New power tariffs take effect as Umeme exits

Left to right: ERA Board chairperson Sarah Wasagali Kanaabi, Energy Minister Ruth Nankabirwa, and ERA CEO Ziria Waako address journalists in Kampala on March 31, 2025. PHOTO | ISAAC KASAMANI
What you need to know:
- The end-user tariffs will be charged by UEDCL for the supply of electricity from April to June 2025.
The Electricity Regulatory Authority (ERA) yesterday announced the change in power tariffs as Umeme handed over its operations to the Uganda Electricity Distribution Company Limited (UEDCL).
The ERA board chairperson, Dr Sarah Wasagali Kanaabi, announced that they have approved the electricity end-user tariffs to be charged by UEDCL for the supply of electricity from April to June 2025.
Dr Wasagali said the end-user tariffs updated quarterly follow a thorough review of the application along with the public feedback received during the publication period.
“The lifeline tariff will be Shs250 per unit for qualifying domestic customers who consume up to only 100 units; so, beyond 100 units, you don’t qualify for lifeline tariffs,” Dr Wasagali said at ERA offices in Kampala. “Number Two is the domestic tariff, which is the cost-reflective tariff, which will be Shs756.2 per unit for other domestic consumers beyond the first 15 units,” she added
The commercial tariff will be Shs546.4 per unit, medium industrial tariff Shs355.1 per unit and manufacturing Shs412.5 per unit.
“Block One of the large industrial customer tariffs will have to pay Shs300.4 per unit; Block Two, which is a declining block tariff, will be Shs282.9 per units, while for the large consumer tariffs, the services will be Shs348.7,” Dr Wasagali explained.
Industrial tariffs
According to Dr Wasagali, the extra-large industrial tariffs will be Shs203.6 per unit, public amenities tariff (hospitals, universities and so on) will be Shs360 per unit. However, all other charges, including connection, remain unchanged.
She, however, explained that there will be continued implementation of the domestic cooking tariff of Shs412 per unit to encourage domestic consumers to cook using electricity between the 81st and the 150th unit of electricity consumed monthly.
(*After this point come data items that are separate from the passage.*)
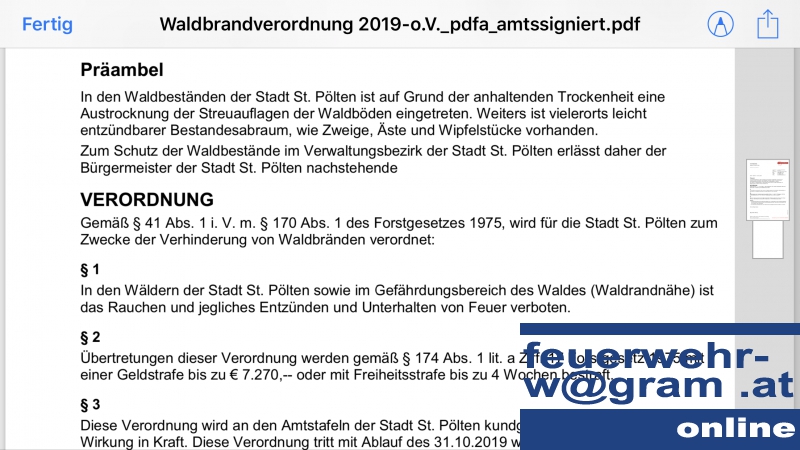 Nunmehr wurde auch fÜr die Landeshauptstadt St. Pölten ein Waldbrand – Verordnung 2019 erlassen (fÜr den Bezirk St. Pölten) besteht diese bereits seit einigen Tagen. Die FF St. Pölten-Wagram bittet um Beachtung!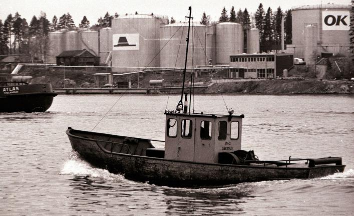 Ita II i full fart Södertälje oljehamn i bakgrunden. foto Christer Samuelsson 1970 01 24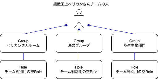 今回の権限設計では、組織図上でペリカンさんチームになっているメンバーを「ペリカンさんチームGroup」に入れて、そのGroupに対して「チーム判別Role」と命名したロールを割り当てています。(※注1)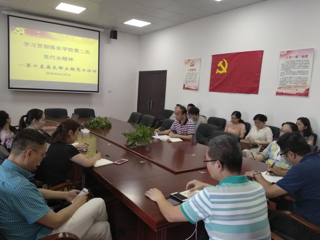 6月20日,第七直属党支部召开全体党员会议,组织开展学习贯彻落实学习校第二次党代会精神主题党日活动。会议由党支部书记李故新主持。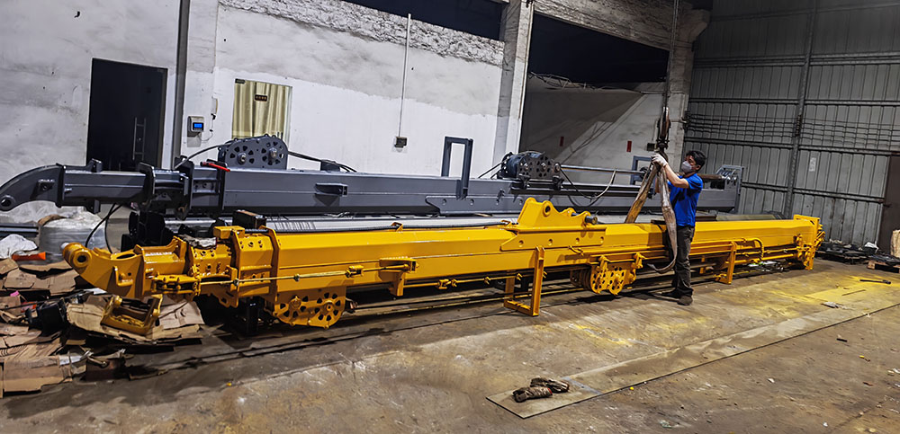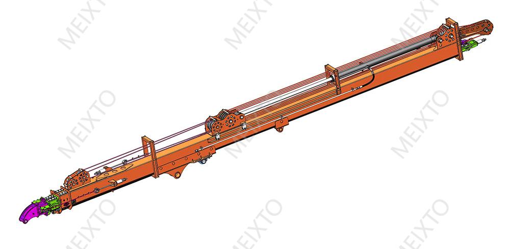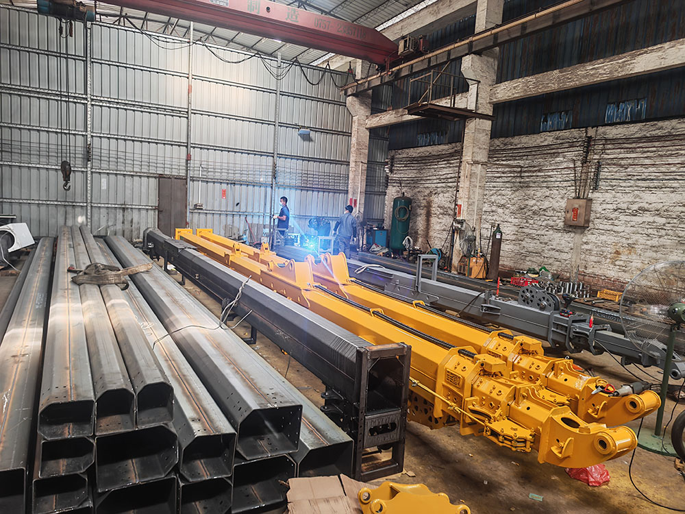 ✪ 2. Its structure consists of a single fixed body and one or more movable bodies. One section is the fixed body, and the remaining sections are the movable bodies. The movable bodies are nested within the fixed body in order of size, with two sections nested within one, and three sections nested within two. The telescopic cylinders enable sequential extension and retraction. Internal telescopic booms are complex and expensive to manufacture, typically designed with two or more sections. They are used for grabbing and lifting soil in deep pits. Their advantages include increased operating radius and excavation depth;
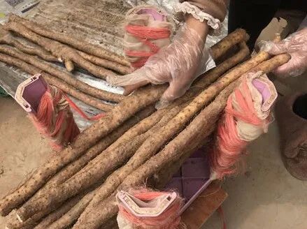 第三,我们可以掂一掂山药的重量,如果两个差不多相同大小的山药,我们掂起来比较重,这个山药一般情况下就是比较好的,因为比较重的水分充足,说明比较新鲜,如果这个山药掂起来没有另一个重的话,说明它已经放置一段时间,水分流失一部分了。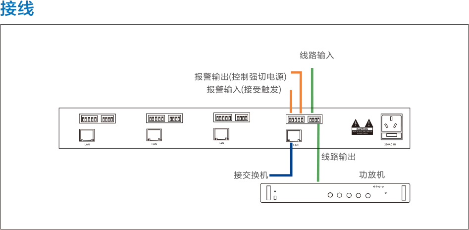 IP网络音频接口单元,内嵌本公司自主知识产权的数字网络音频技术,配备了音频输入,RJ45网络,短路输入输出等接口。既可以把音频输入口接入的信号通过网络广播到其他终端,也可接收其他终端或服务器发起的广播。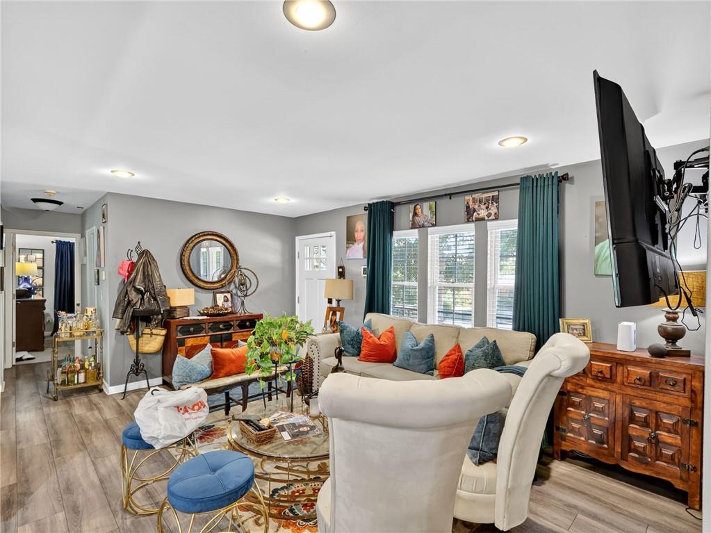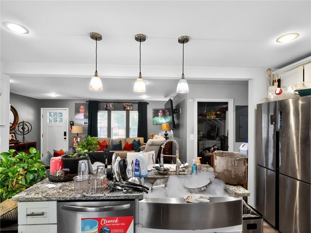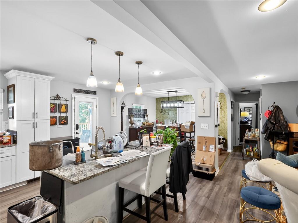 - KitchenBreakfast Bar, Cabinets White, Kitchen Island, View to Family Room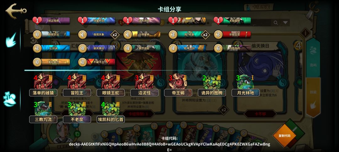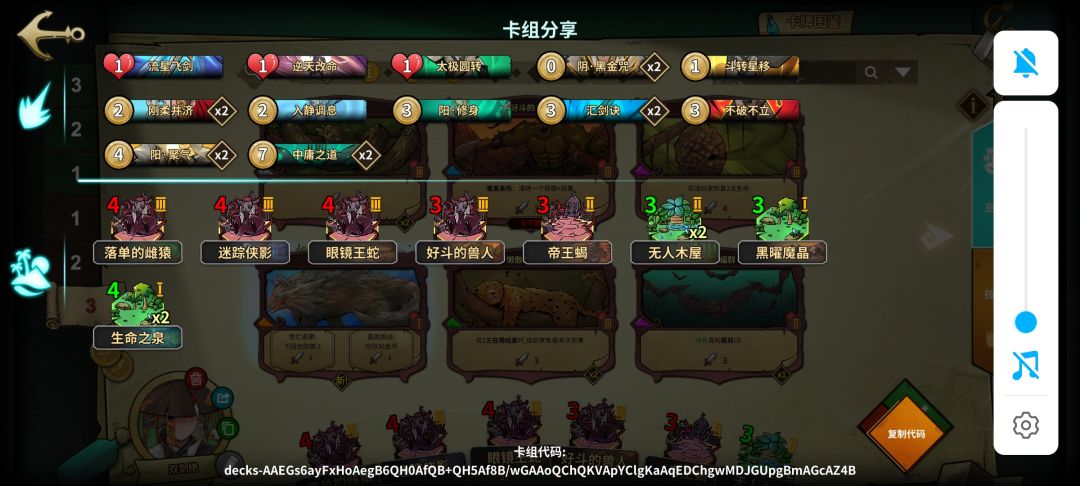 五万分道童卡组,需要的拿 卡组代码 decks-AAEGxJmfFxAM6QHpAeoB6gHrAewB9wH/Af8BhAKFApkCmQKaAqEDChsbHBwvQUFrhQGYAQ== 思路:流星飞剑+风雨飘摇+泰极生否 偷天换日+逆天改命+太极圆转 泰极生否是防一手舞姬,可替换成阴黑金咒或者阴霜降 不要想着时时刻刻打输出,生存能保证的前提下打一套爆发,一波秒人,然后要注意控制自己经济,注意出牌时机 义愤填膺可换成绝处逢生增加生存能力 不破不立我目前也没带了,不是特别契合这套卡组,阴霜降实用性更强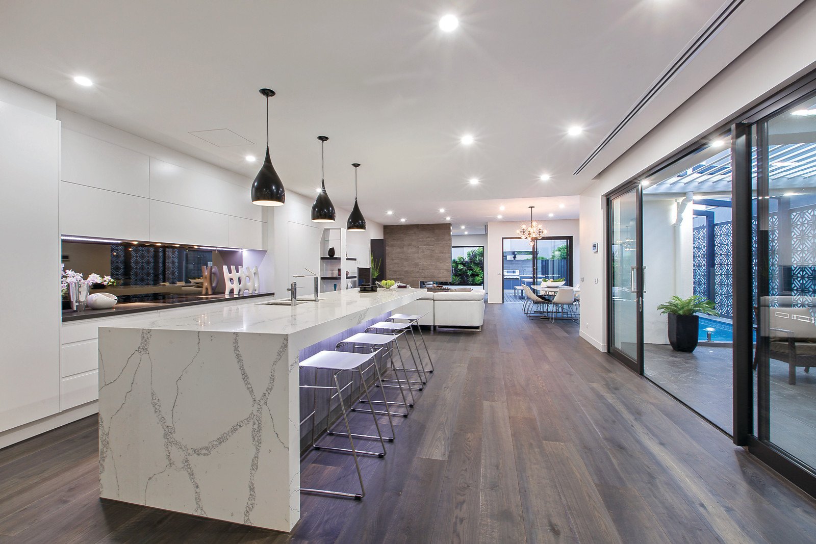 A striking monochrome exterior sets the tone for this boutique four-bedroom town-residence complete with innovative features, dedicated attention to detail and an outstanding level of luxury appointments and automation. Clean lines, natural materials, European oak floors and grand dimensions create flow between 400sqm of deluxe living spaces comprising three family living zones: formal living, open-plan living and entertaining (kitchen, sitting and dining) and a relaxed sitting room. A quite magnificent cook's kitchen features butler's pantry, soft-close cabinetry, SERVO-DRIVE opening, stylish stone benchtops and Calacutta island bench to complement a range of Miele appliances, Zip hydro tap and Villeroy & Boch detailing. Dramatic patio doors and walls of glass create a connection with a wraparound resort-style alfresco living area comprising vertical garden, well-equipped outdoor kitchen, saltwater solar-heated pool and an alfresco dining area complete with pergola and motorised blinds - the perfect setting for private relaxed entertaining. Three spectacular bathrooms feature imported European tiles, Gessi tap fitments, rain showers and the main bathroom features a freestanding natural stone bath. Three first-floor bedrooms share a light-filled rumpus room and study nook. A family-oriented location moments from Bay Street and the Beach enhances this easily-maintained home complete with a 200sqm basement housing garaging for four cars including a car turntable, gym, communications room, storage and a superb home-theatre room. Additional features include concealed automatic blinds, Daikin heating and cooling, ducted vacuum, 3000 litre underground water tank, video intercom, security system, CCTV and smartphone integration.

In arriving at the aforementioned end-user tariffs, Dr Wasagali said they considered several factors, including demand, which they expect to grow at an annual rate of 10.4 percent in 2025.
Other assumptions are that the quarterly tariff adjustment methodology implemented by ERA since 2014 and the subsequent years, which adjusts the annual base tariff for changes in inflation, exchange rate, international fuel prices, and other costs approved by the ERA, will continue to be implemented in the year 2025. Also, the UEDCL tariff performance targets for 2025, following the licence for sale and distribution of electricity issued to them, will continue to hold.
“The next assumption is that ERA will continue the implementation of measures to reduce the electricity end-user tariffs for manufacturers pegged on pre-determined demand growth targets for the year 2025,” she said.
Dr Wasagali said ERA will continue to review the implementation of the public amenities customer category such as street lighting, hospitals, and cooking for institutions. “We shall continue to review the composition of the medium and large industrial customer categories to provide separate customer categories for electricity consumers involved in manufacturing compared to those who are providing services,” she said.
Dr Wasagali further explained that the ERA will continue the implementation of the declining block tariff structure for large industrial manufacturing customers for the tariff year 2025.
“There will also be cessation of the block tariff structure for the extra-large industrial manufacturing category effective midnight on Monday.”
Mr Julius Wandera, the director of communications at ERA, said the reduction in the price of electricity is driven by the behaviour of macroeconomic factors such as exchange rates, inflation, and the global price of fuel.
“As you know, Umeme’s investments have previously been a significant factor in driving up tariffs. With their exit, tariffs are expected to gradually decrease, with the initial benefits going to extra-large manufacturers,” Mr Wandera said.
He added: “Our goal has been for manufacturers to receive a tariff of 0.5 US cents per unit, which has now been achieved with the new tariffs that UEDCL is implementing.”